Users who join the product via invitations or streamlined signup flows (Guest Invites and Google Authentication) show the highest adoption rates, suggesting that social context and low-friction onboarding may encourage early engagement.
In contrast, users invited to personal projects exhibit substantially lower adoption. This may indicate limited ongoing collaboration or weaker incentives to return regularly.
Overall, the differences across creation sources suggest that how a user is introduced to the product influences their likelihood of becoming a regular user, with socially-driven or frictionless entry points performing better than isolated or individual use cases.

### Adoption rate: Invited VS Not Invited

In [31]:
# Create was_invited column
df['was_invited'] = df['invited_by_user_id'].notna()

# Invited summary
invited_summary = (df.groupby('was_invited')
  .agg(
      users = ('adopted','count'),
      adoption_rate = ('adopted','mean')
  ))
invited_summary

Unnamed: 0_level_0,users,adoption_rate
was_invited,Unnamed: 1_level_1,Unnamed: 2_level_1
False,5583,0.172488
True,6417,0.200249



Users who were invited by an existing user show a higher adoption rate (20.0%) compared to users who were not invited (17.2%). This suggests that social introduction to the product modestly increases the likelihood of adoption, though the effect size is moderate.

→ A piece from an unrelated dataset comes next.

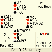 | Con | Dc | Res | Score | Ld | Pairs | Rd | Tbl | | 3 N | N | +1 | 630 | 4 | 08 - 04 | 5 | 8 |
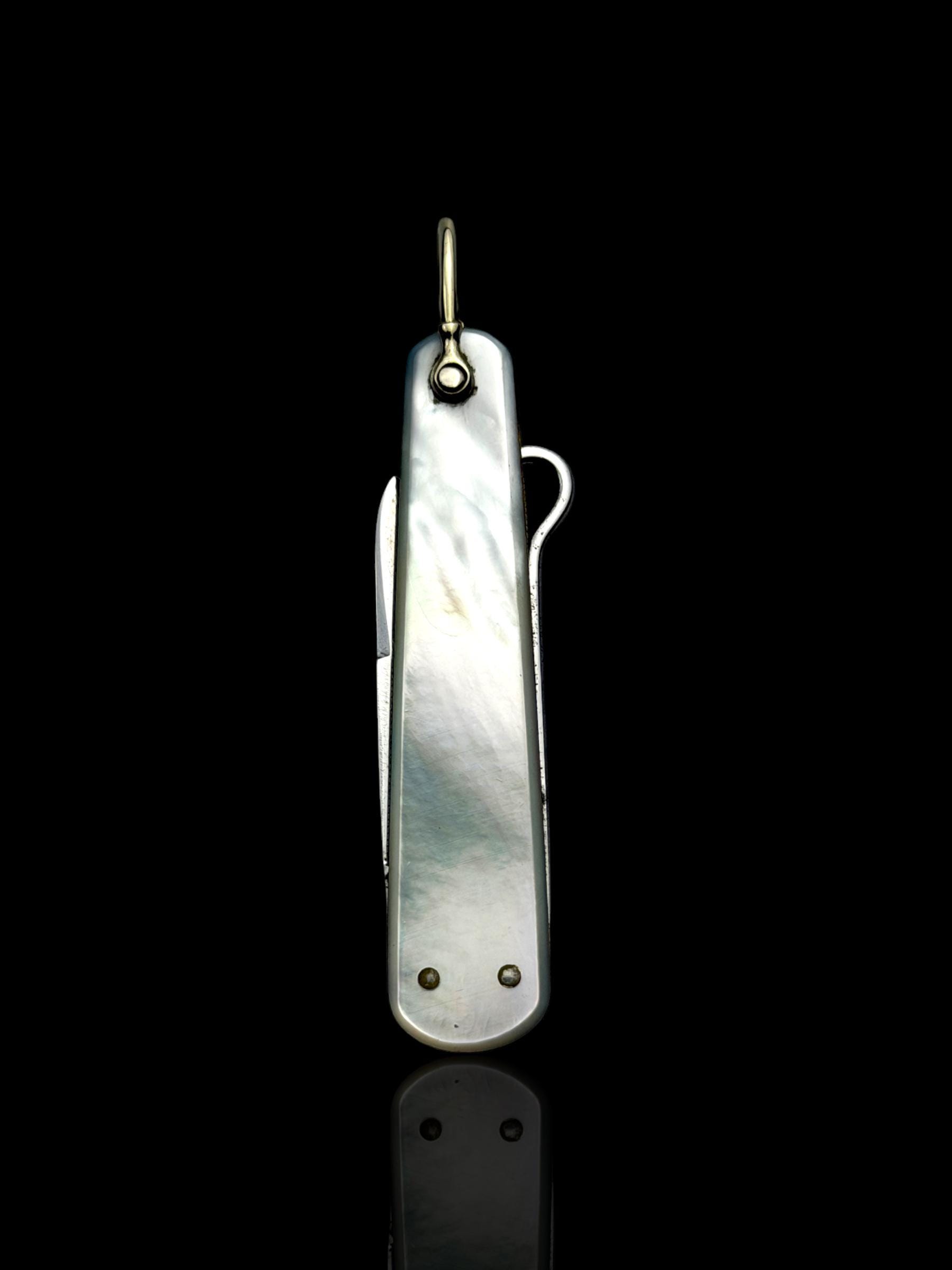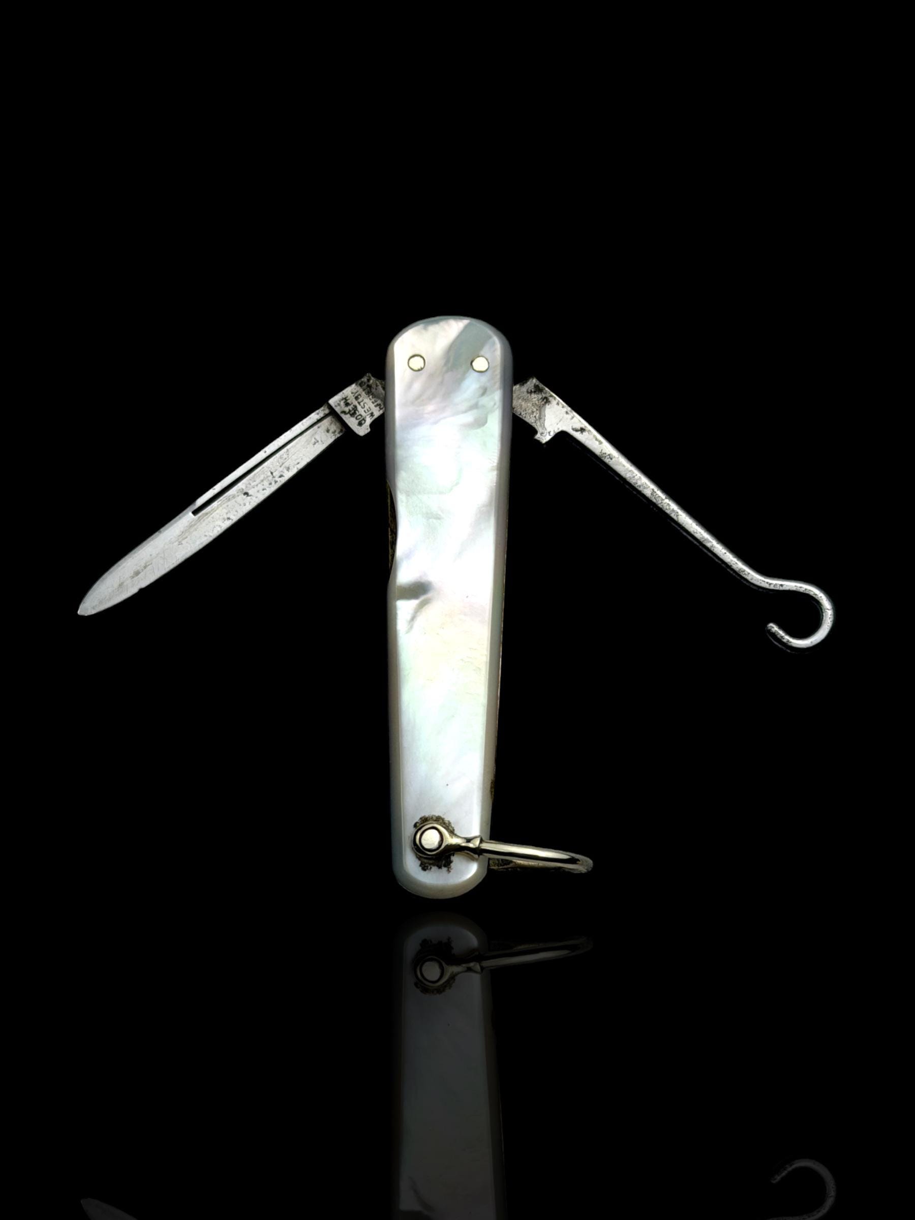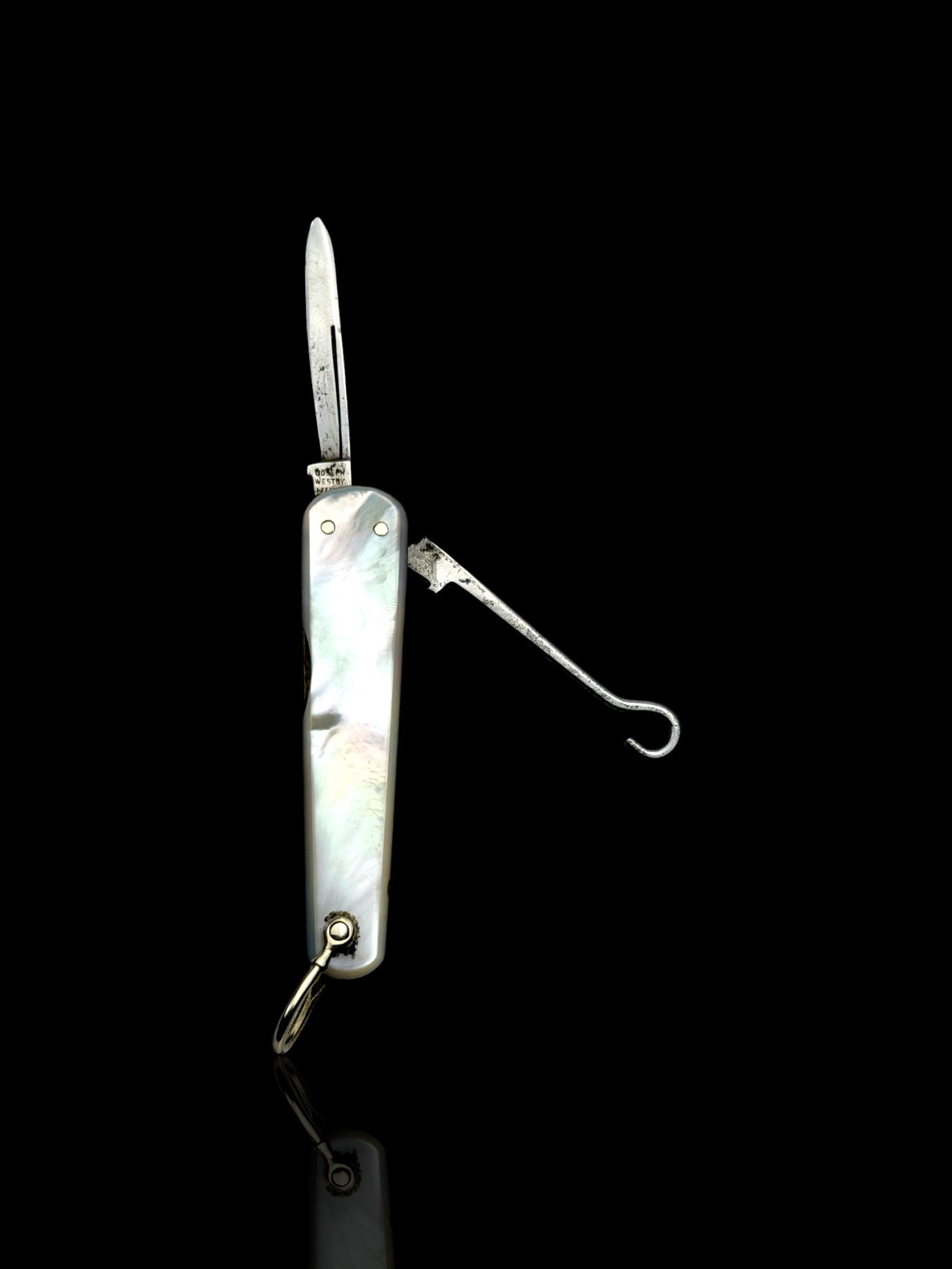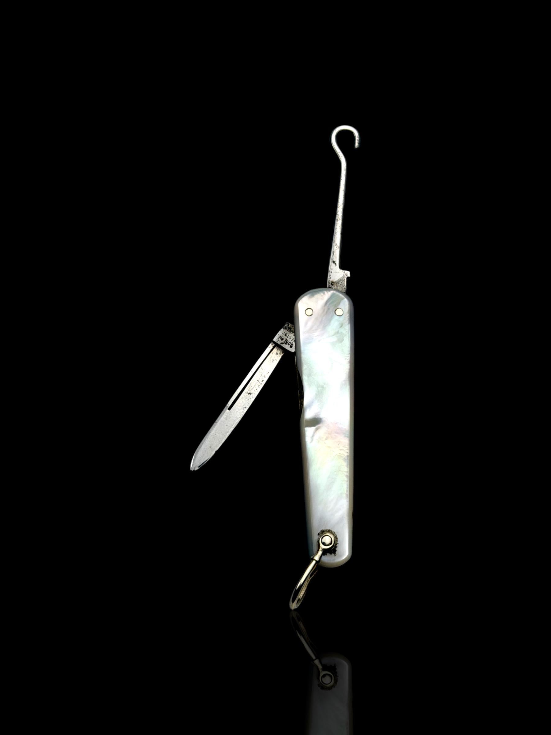 The thin blade and button hook are stainless steel and therefore lack the hallmarks required on silver blades. The exact date of manufacture and the maker is therefore unknown. However, it would have been produced in England in the early 1900s. The advantage of stainless steel is that it is much harder than silver and is able to maintain a sharper edge.

### Adoption rate by Marketing Drip

In [33]:
df.groupby('enabled_for_marketing_drip')['adopted'].mean()

Unnamed: 0_level_0,adopted
enabled_for_marketing_drip,Unnamed: 1_level_1
0,0.186129
1,0.194196


  Users enrolled in the marketing drip campaign show a slightly higher adoption rate (19.4%) compared to those who are not (18.6%). The difference is small, suggesting limited impact on sustained engagement.


### Adoption rate by Mailing list

In [37]:
df.groupby('opted_in_to_mailing_list')['adopted'].mean()

Unnamed: 0_level_0,adopted
opted_in_to_mailing_list,Unnamed: 1_level_1
0,0.185432
1,0.193053


  Users who opted into the mailing list have a marginally higher adoption rate (19.3%) than those who did not (18.5%). This indicates a weak association and suggests that email opt-in alone is not a strong driver of adoption.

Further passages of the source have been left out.